The conventional standard used by clinical microbiology labs to define a positive urine culture is at least 105 cfu/ml of urine. This threshold maximizes specificity but does so at the expense of sensitivity, thus some authors advocate using lower bacterial counts to constitute a positive culture. The presence of three or more types of bacteria in a urine culture suggests a contaminated specimen. The timing of the urine culture relative to the administration of antibiotics should be considered; even a single dose of antibiotics can lead to a negative urine culture in a patient with a UTI, as the antibiotics may be excreted in the urine and present in the culture.

Urinary Casts

Casts in the urine, formed when cellular elements in the urine embed in Tamm-Horsfall glycoproteins and take the shape of the collecting tubules, can provide important clinical information. The presence of casts can suggest a diagnosis, but the absence of casts cannot rule one out because casts may degrade, depending on how the urine is handled. One should also consider the experience of the person who is examining the urine sample for casts; when identifying casts is critical to making a diagnosis, it is advisable to ask a nephrologist to examine the urine rather than solely rely on the clinical laboratory.
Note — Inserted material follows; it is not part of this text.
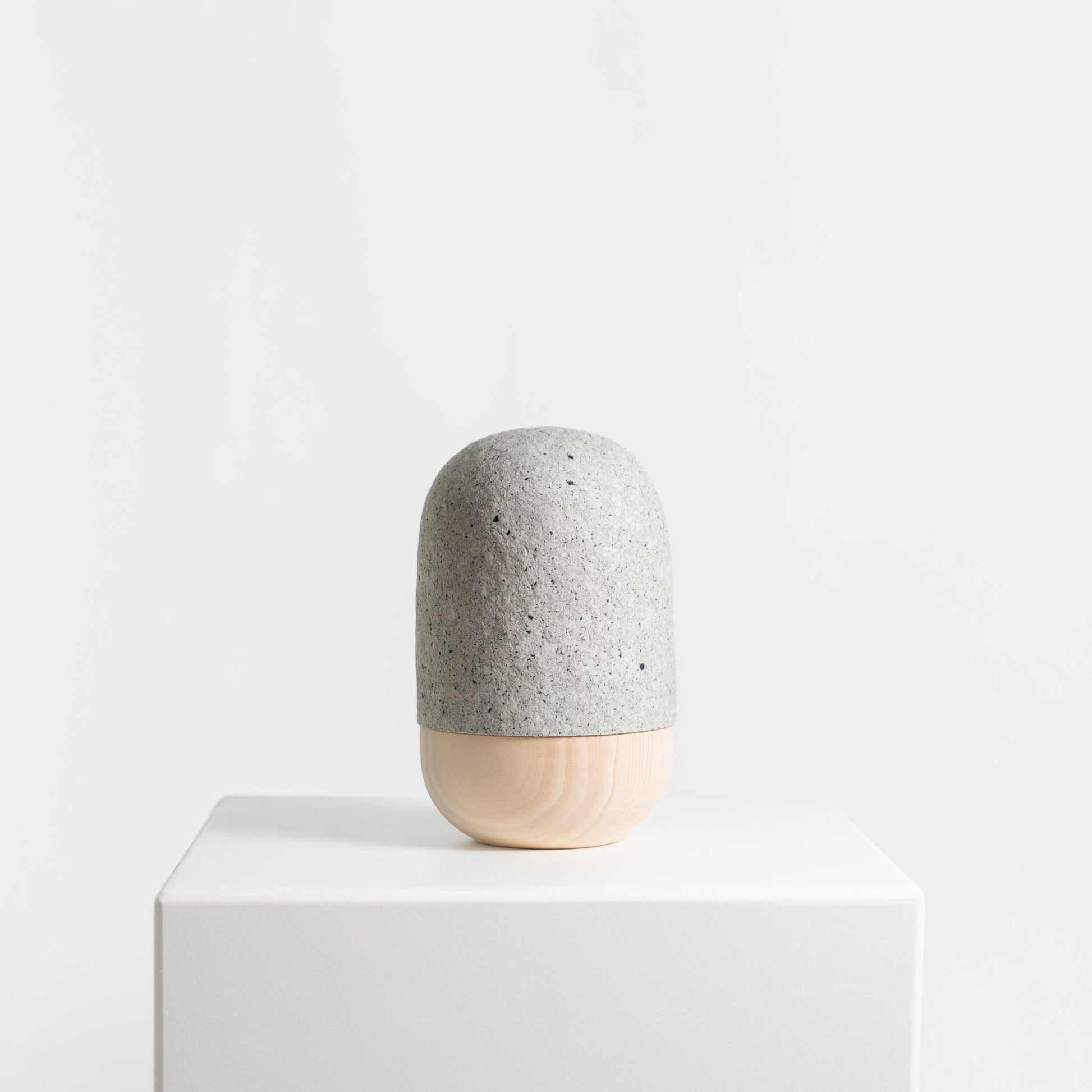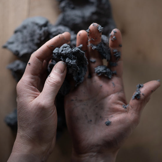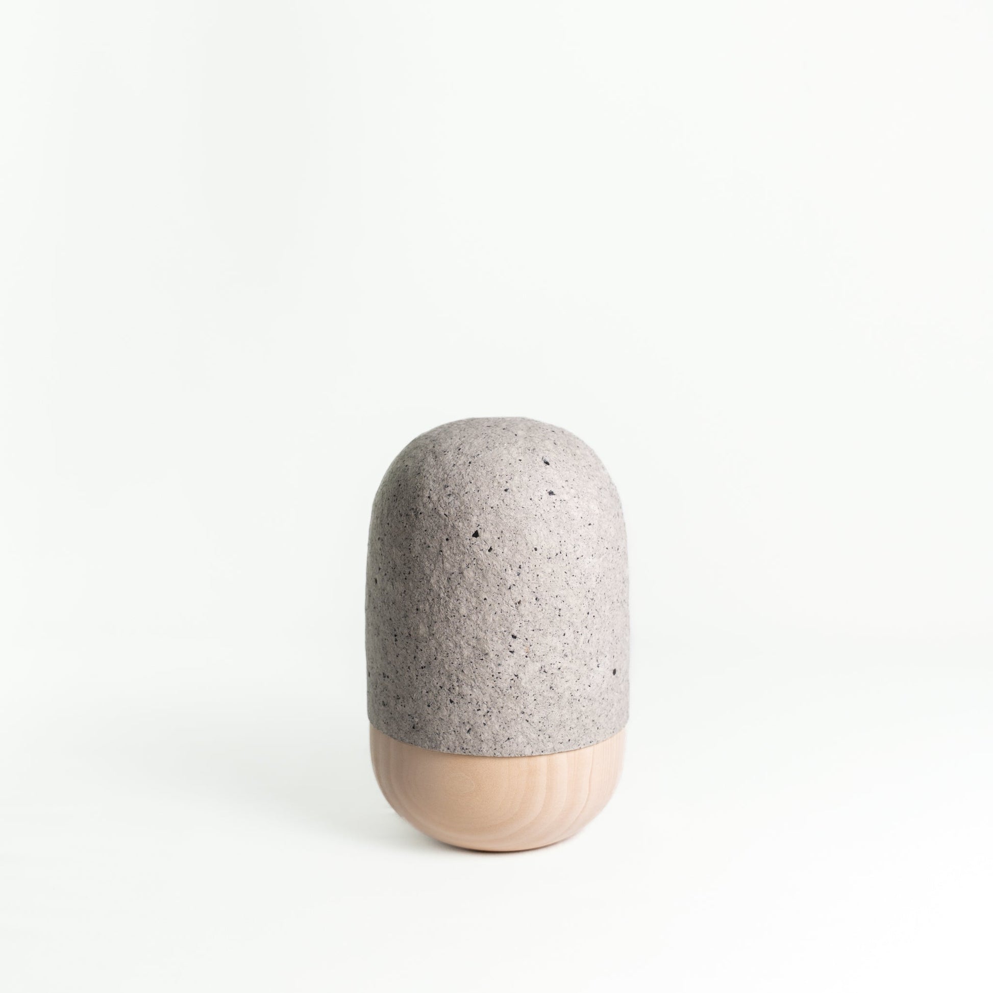 Naturpigmente gesammelter Schiefer bestimmen die Färbung und Struktur dieser Urne. Nach der Trocknung der Pulpe wird die überraschend stabile Urnenhaube auf die gedrechselte Lindenholzschale angepasst. Eine Emulsion auf Algenbasis schützt die Urne während einer Beisetzung von 20-40 Minuten vor Feuchtigkeit. Es ist aber darauf zu achten, die Urne nicht gänzlich ungeschützt im Starkregen zu platzieren. Pulp ist ein vergängliches Material und die Entscheidung für eine T'URN schließt den bewußten Umgang mit dieser Eigenschaft mit ein. Die Algenemulsion zersetzt sich im Erdreich rückstandslos.

Table 2 lists the types of casts and their clinical significance.

Table 2.
Cast Type Associated Condition
red blood cell glomerulonephritis
white blood cell pyelonephritis; also interstitial nephritis
renal tubular epithelial cell ATN
granular represents degraded cellular elements; non-specific
hyaline

can be normal; non-specific

Urine Eosinophils

Urine eosinophils are commonly thought to be associated with acute interstitial nephritis (AIN), which is kidney injury characterized by an inflammatory infiltrate that is often due to drugs or autoimmune disease. Although older data supported this belief, more recent studies have shown urine eosinophils to be unreliable in diagnosing AIN as it lacks sensitivity and specificity. Renal biopsy remains the gold standard in diagnosing AIN.

Proteinuria

Measuring protein in the urine is useful in diagnosing glomerular disease. The urine dipstick, although often referred to as measuring proteinuria, actually primarily measures albuminuria. This is an important distinction because in some renal diseases, such as myeloma kidney, the main protein spilled in the urine is not albumin and thus urine dipstick may miss this diagnosis. The primary protein spilled in the urine in myeloma kidney is a monoclonal light chain (Bence-Jones protein). This can be measured with either a spot protein-to-creatinine ratio or a 24-hour urine collection for protein.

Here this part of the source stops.